Medizinische Versuche mit NS-Opfern: Anatomie eines Leichenschänders
Hermann Stieve experimentierte mit Menschen, die von der NS-Justiz zum Tod verurteilt wurden. Ihre Gewebeproben werden nun bestattet.
An diesem Montag wird auf dem Dorotheenstädtischen Friedhof zu Berlin eine ungewöhnliche Bestattung erfolgen. Sie findet mehr als 70 Jahre nach dem Tod dieser Menschen statt. Am Nachmittag werden dort Pfarrer der katholischen und evangelischen Kirche und der Rabbiner Andreas Nachama sprechen. Dann wird eine Gedenktafel enthüllt.
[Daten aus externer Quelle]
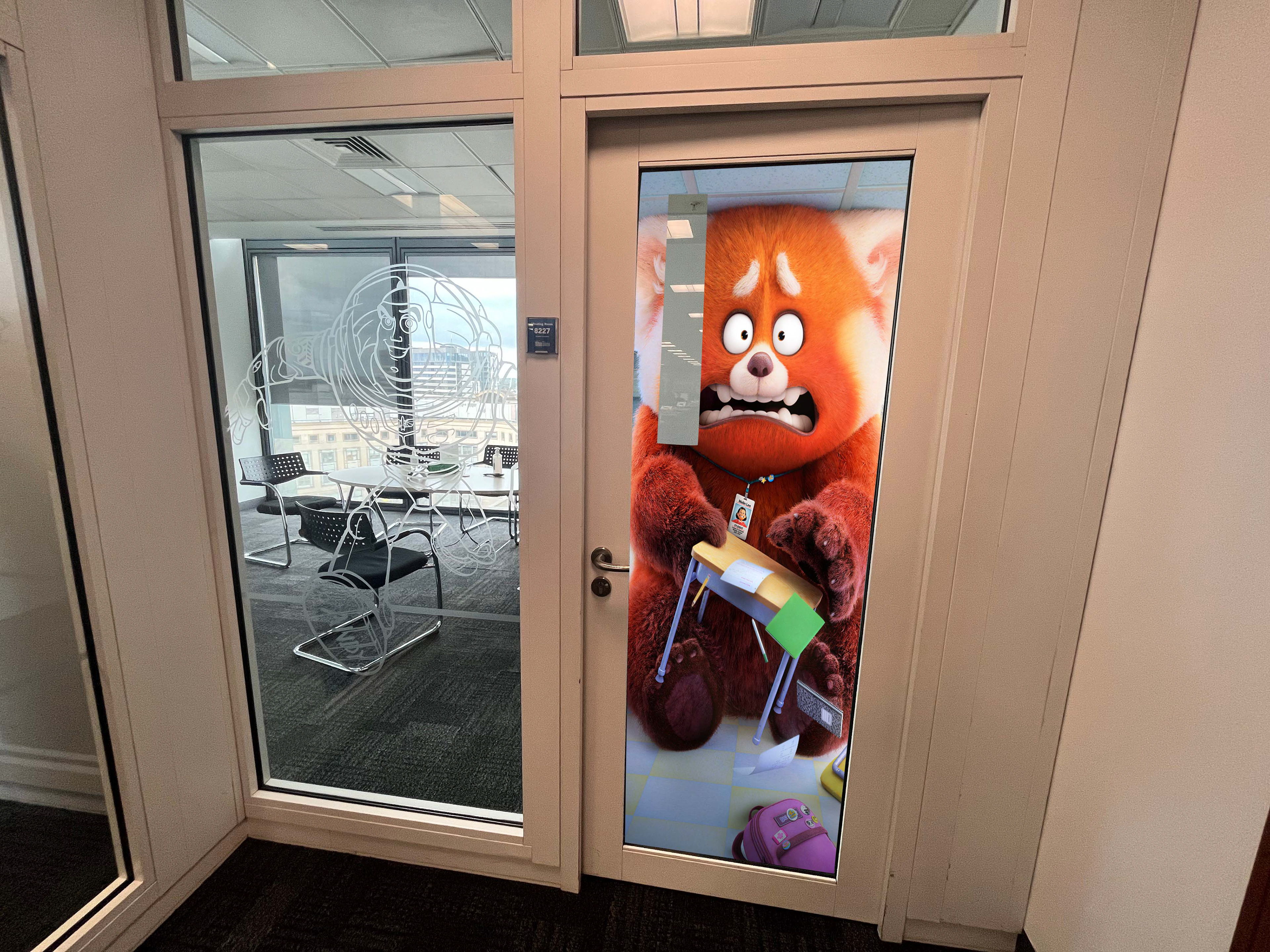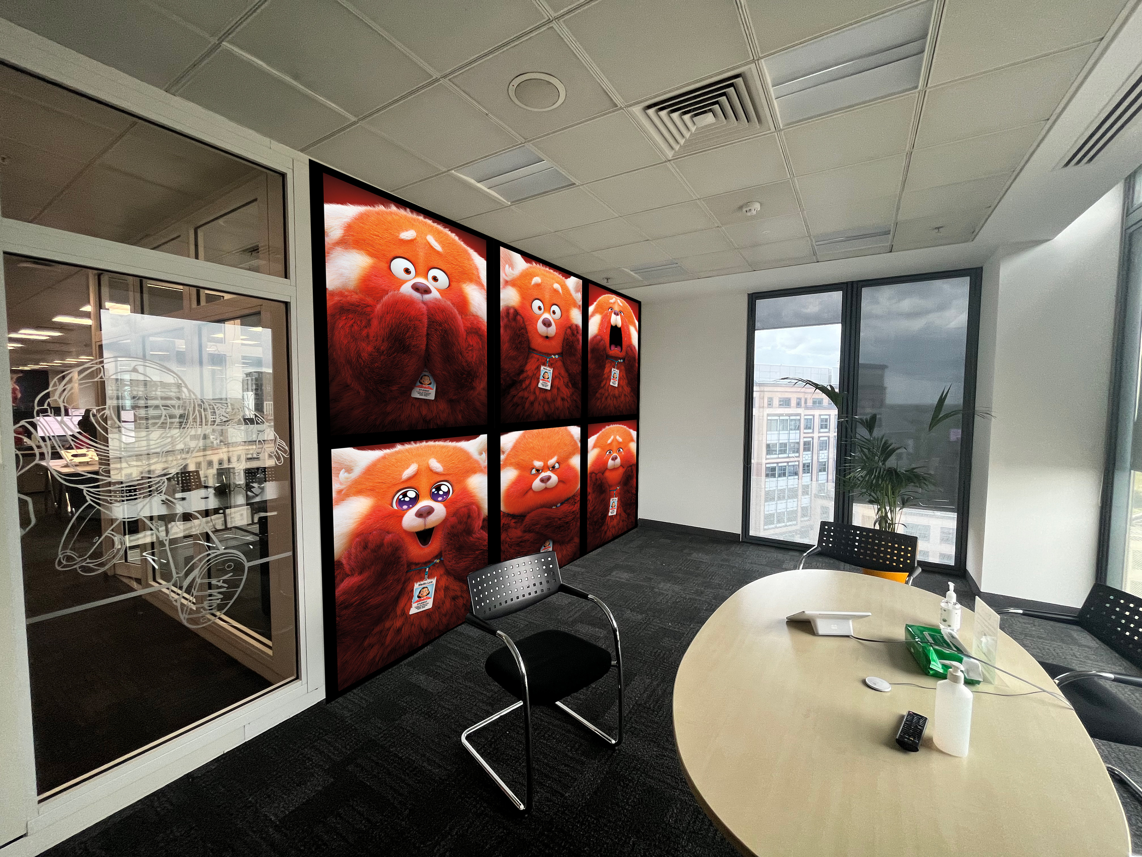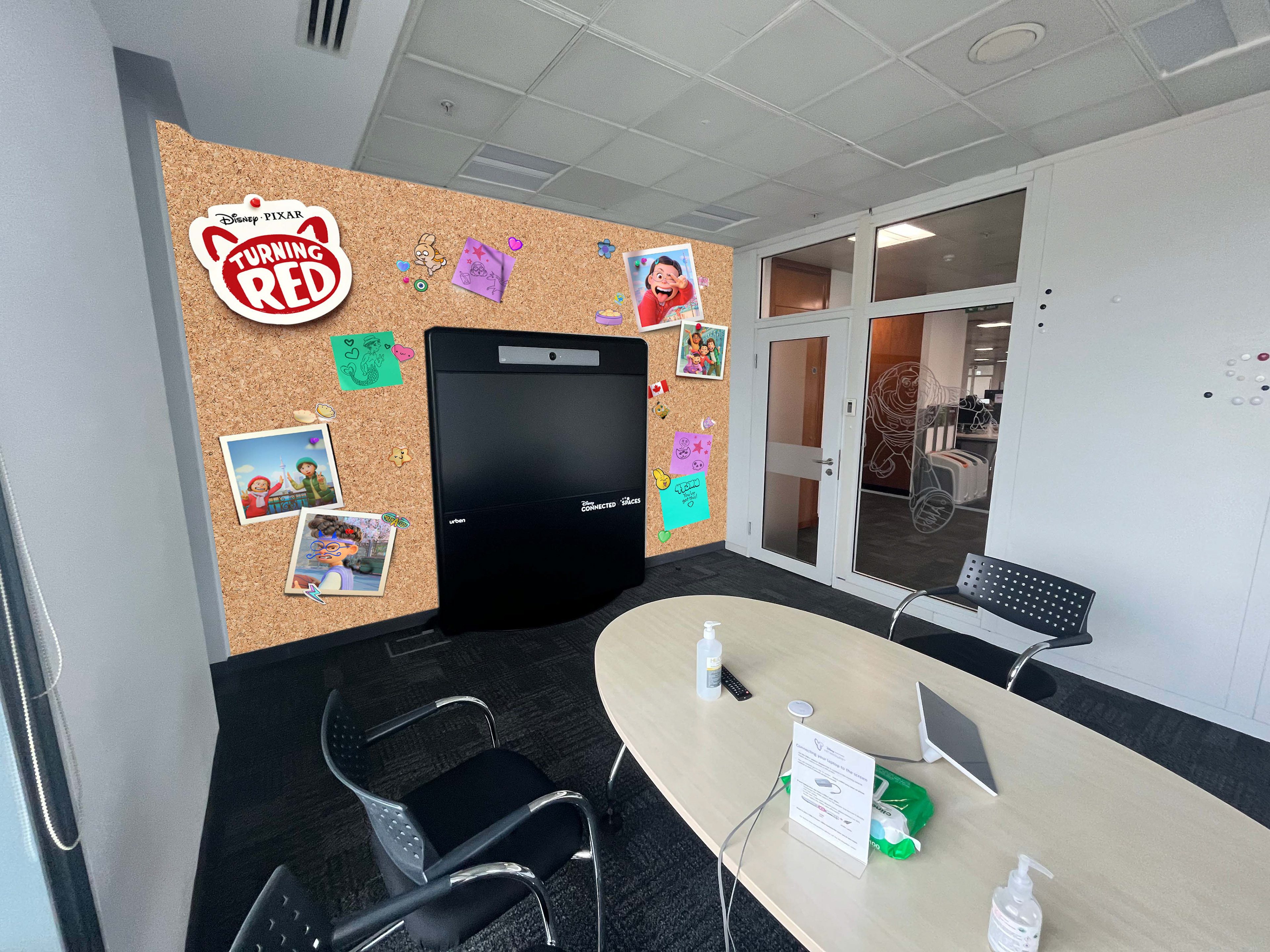 An opportunity arose to enhance parts of the Disney UK office space that led to my design of a fun 'Turning Red' room; bringing our Disney+ IPs to life. Below you can see the initial mockups and then the final result.

Auf ihr steht geschrieben: „Im Strafgefängnis Berlin-Plötzensee wurden während der nationalsozialistischen Diktatur mehr als 2.800 Menschen durch das Fallbeil oder den Strang ermordet. Die meisten von ihnen wurden danach im Anatomischen und Anatomisch-biologischen Institut der Berliner Universität zu Forschungs- und Lehrzwecken seziert. Mehr als 300 der dabei entstandenen mikroskopischen Präparate, zumeist von Frauen, wurden 2016 im Nachlass des Anatomen Hermann Stieve aufgefunden. Sie wurden hier am 13. Mai 2019 bestattet.“
Der Medizinprofessor Andreas Winkelmann beschreibt den Fund: „Es handelt sich um Objektträger, kleine rechteckige Glasplatten. Darauf befindet sich ein sehr kleines Teil eines Organs, ein hundertstel Millimeter dünn. Die Objektträger befinden sich in schwarzen Kisten.“
Enkel des 1952 verstorbenen Stieve hatten die Präparate in seinem Nachlass gefunden, berichtet Winkelmann. „Sie wollten das nicht unbedingt bei sich zu Hause lagern.“ Winkelmann, der seit 2015 in der Anatomie der Medizinischen Hochschule Brandenburg arbeitet, begann zu recherchieren, fand heraus, worum es sich handelte und von wem die Gewebeproben stammten. Er nahm Kontakt zu Angehörigen von Widerstandskämpfern auf, die in Plötzensee hingerichtet worden waren. Mit ihrem Einvernehmen findet nun die Bestattung statt, wobei man auf die Namensnennungen verzichtet, gleichwohl etwa 15 der Präparate entsprechend gekennzeichnet sind.
Bedenkenlose Nutzung
Wer aber war dieser Hermann Stieve? Das herauszufinden, hat sich der Leiter der Gedenkstätte Deutscher Widerstand, Johannes Tuchel, bemüht. Ende Mai erscheint sein Buch „Hinrichtungen im Strafgefängnis Berlin-Plötzensee 1933–1945 und der Anatom Hermann Stieve“.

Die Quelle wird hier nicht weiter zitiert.